Exercise brief: Each line of data below is to be returned exactly, leaving out any picture.
#### Recorded information ####
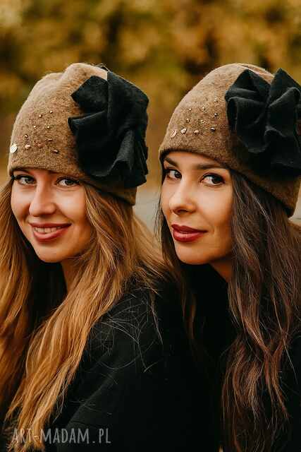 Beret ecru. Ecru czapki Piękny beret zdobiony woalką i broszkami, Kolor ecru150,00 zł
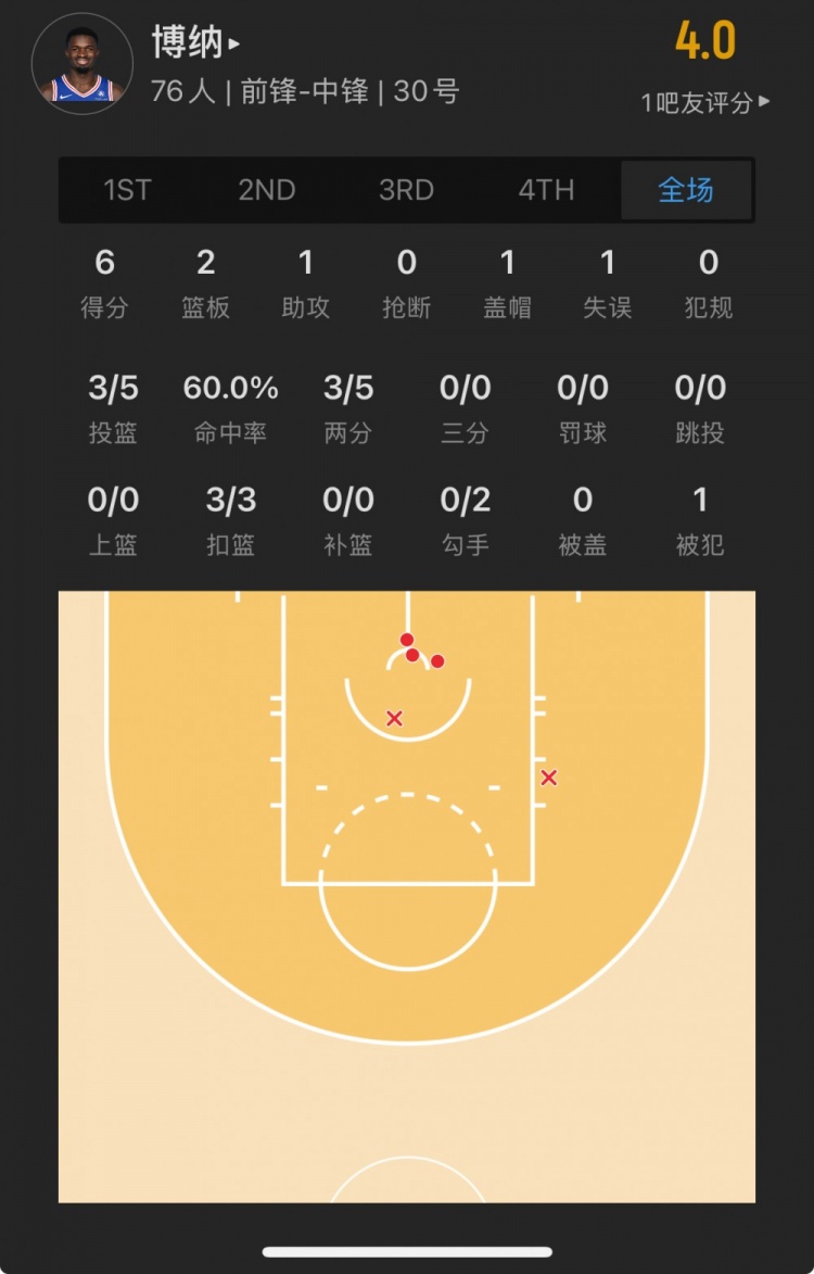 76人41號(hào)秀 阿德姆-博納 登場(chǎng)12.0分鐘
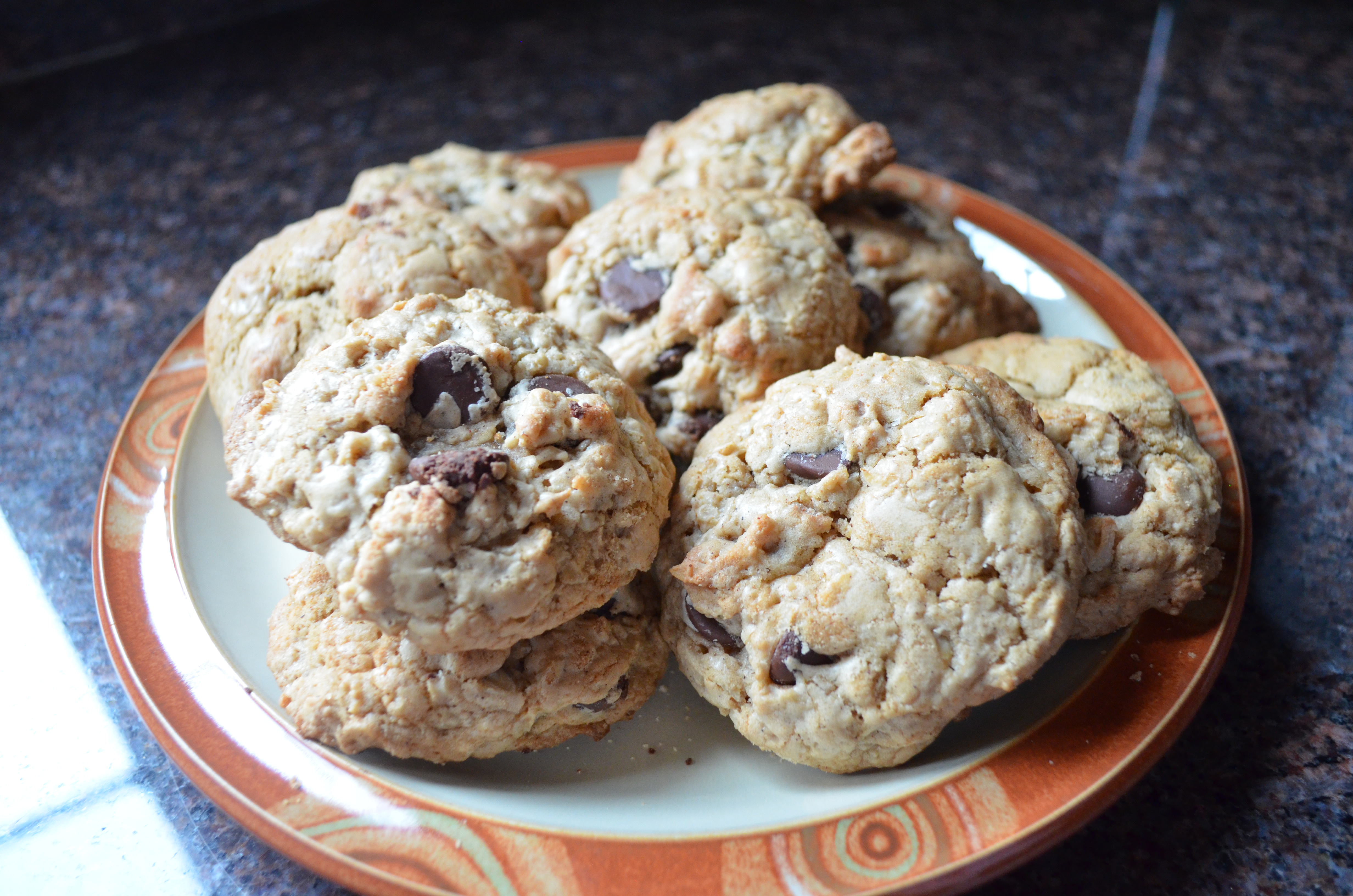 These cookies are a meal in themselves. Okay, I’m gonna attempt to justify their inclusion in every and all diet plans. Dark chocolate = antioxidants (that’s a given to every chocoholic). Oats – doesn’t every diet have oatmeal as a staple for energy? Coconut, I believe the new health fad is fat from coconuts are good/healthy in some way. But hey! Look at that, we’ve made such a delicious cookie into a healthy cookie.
####
Task answer:
 Beret ecru. Ecru czapki Piękny beret zdobiony woalką i broszkami, Kolor ecru150,00 zł
 76人41號(hào)秀 阿德姆-博納 登場(chǎng)12.0分鐘
 These cookies are a meal in themselves. Okay, I’m gonna attempt to justify their inclusion in every and all diet plans. Dark chocolate = antioxidants (that’s a given to every chocoholic). Oats – doesn’t every diet have oatmeal as a staple for energy? Coconut, I believe the new health fad is fat from coconuts are good/healthy in some way. But hey! Look at that, we’ve made such a delicious cookie into a healthy cookie.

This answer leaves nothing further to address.